With Hollywood under orders to stay out of the office, away from theaters, off the set and especially at a safe social distance from those most germ-friendly of mass gatherings — film festivals — coronavirus suddenly has clarified a change that crept over movie culture in the decades just past.
As recently as the late 1980s, perhaps into the 1990s, releasing a motion picture was something a studio could do without getting too sticky with people. To oversimplify just a bit, the process involved a few test screenings, a trailer, some billboards and bus posters, an expensive wave of television advertising, a celebrity appearance or two on the late-night shows and a whole lot of prayer. Win or lose, a producer or executive might get through it without having shaken a customer’s hand.
No more. For all but the most expensive, media-driven blockbusters, film marketing and promotion has become a markedly tactile business. To get a movie into the marketplace, you touch each other, sometimes quite literally. You jostle through crowds and meet in overstuffed auditoriums at festival after festival — Cannes, Telluride, Toronto, Berlin, Venice, New York, even L. A. With the press and corporate sponsors, you share drinks and finger-food in close gatherings at surrounding bars and restaurants. Red carpets, once reserved for the Oscars and Globes, point the way toward endless post-screening panel discussions, while you, your stars and their admirers nod in agreement and breathe the same air.

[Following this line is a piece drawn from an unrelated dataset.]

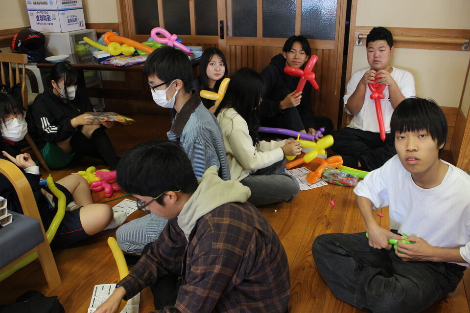 5 バルーンアート(佐賀東高等学校の学生さんがバルーンの準備しているところ&子どもたちと楽しんでいるところです。子ども達が大喜びでした。有難うございました。)![]()
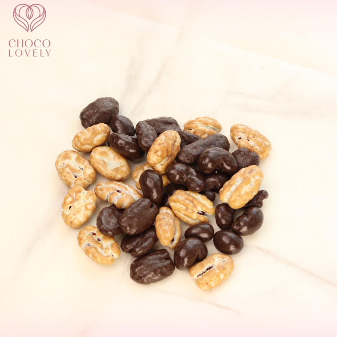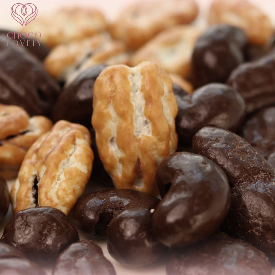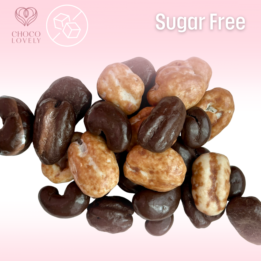 Milk, dark, and caramel sugar-free chocolates with pecans, almonds, and hazelnuts. Gluten-free and guilt-free.

And this doesn’t even begin to account for the penumbra of media events, large and small, that routinely cross with the movies. Comic-Con(s), TED talks, Zocalo Public Square sessions, university conversations, you name it.
It’s hard to say precisely when movie promotion became quite so — to use an antique term that seems appropriate in the age of COVID-19 — touchy-feely.
Personally, I sensed a paradigm shift around late 2000, while working as an editor for doomed media website Inside.com. As we burned through funding, one of the founders, Kurt Andersen, by my vague recollection, launched a brief campaign to save things by getting Inside into what was called “the event business.” It seemed counterintuitive, and a bit quixotic — how could the future of digital delivery hinge on dozens or hundreds of people paying to meet at a resort or convention venue? But Andersen and his fellow founders weren’t wrong. (He now confirms the effort, but says it was not so much to save the business as to supplement it before things went bad.) Before long, many digital ventures, Deadline included, would be anchoring their online presence with very tactile events at which industry players, and sometimes the audience, could meet, greet and, yes, shake hands.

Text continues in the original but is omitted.